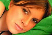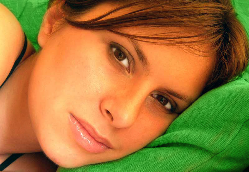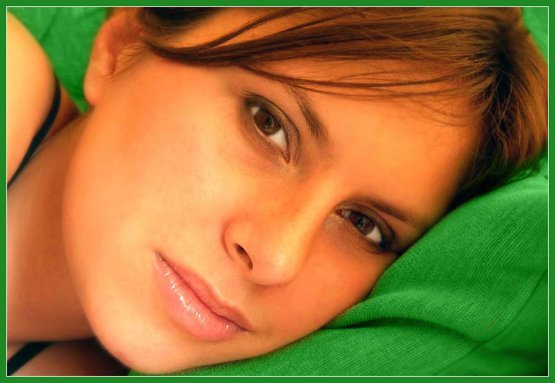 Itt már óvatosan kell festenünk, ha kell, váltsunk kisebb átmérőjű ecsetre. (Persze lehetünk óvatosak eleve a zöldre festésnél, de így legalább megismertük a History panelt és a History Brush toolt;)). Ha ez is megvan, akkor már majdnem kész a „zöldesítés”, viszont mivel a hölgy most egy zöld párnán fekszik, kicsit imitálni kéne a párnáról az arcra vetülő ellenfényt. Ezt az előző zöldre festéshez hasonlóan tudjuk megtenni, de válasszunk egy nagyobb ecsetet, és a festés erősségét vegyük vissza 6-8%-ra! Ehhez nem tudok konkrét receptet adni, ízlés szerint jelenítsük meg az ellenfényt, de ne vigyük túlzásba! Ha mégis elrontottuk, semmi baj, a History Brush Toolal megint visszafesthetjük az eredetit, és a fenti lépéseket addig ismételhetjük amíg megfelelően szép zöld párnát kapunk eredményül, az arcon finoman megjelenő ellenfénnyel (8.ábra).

* * *

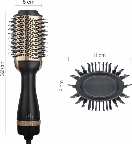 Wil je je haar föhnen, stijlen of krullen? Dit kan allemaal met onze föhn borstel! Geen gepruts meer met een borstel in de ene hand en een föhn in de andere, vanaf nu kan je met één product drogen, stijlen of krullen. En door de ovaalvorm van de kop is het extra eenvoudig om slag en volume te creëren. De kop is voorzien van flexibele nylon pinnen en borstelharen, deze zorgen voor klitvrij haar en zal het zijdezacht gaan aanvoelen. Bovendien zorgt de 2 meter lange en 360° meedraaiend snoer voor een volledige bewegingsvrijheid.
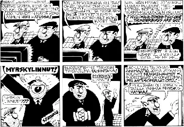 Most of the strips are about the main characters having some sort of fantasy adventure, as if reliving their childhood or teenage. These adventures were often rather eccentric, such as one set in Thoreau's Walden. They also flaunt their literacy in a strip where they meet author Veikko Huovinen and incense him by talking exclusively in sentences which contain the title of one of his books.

* * *

__TASK STATEMENT__: A clean copy is needed of the lines in the listing above from the one with "Wil je je haar" through the one with "Most of the", exact in every word and free of pictures.

__SOLVED PROBLEM__:
 Wil je je haar föhnen, stijlen of krullen? Dit kan allemaal met onze föhn borstel! Geen gepruts meer met een borstel in de ene hand en een föhn in de andere, vanaf nu kan je met één product drogen, stijlen of krullen. En door de ovaalvorm van de kop is het extra eenvoudig om slag en volume te creëren. De kop is voorzien van flexibele nylon pinnen en borstelharen, deze zorgen voor klitvrij haar en zal het zijdezacht gaan aanvoelen. Bovendien zorgt de 2 meter lange en 360° meedraaiend snoer voor een volledige bewegingsvrijheid.
 Most of the strips are about the main characters having some sort of fantasy adventure, as if reliving their childhood or teenage. These adventures were often rather eccentric, such as one set in Thoreau's Walden. They also flaunt their literacy in a strip where they meet author Veikko Huovinen and incense him by talking exclusively in sentences which contain the title of one of his books.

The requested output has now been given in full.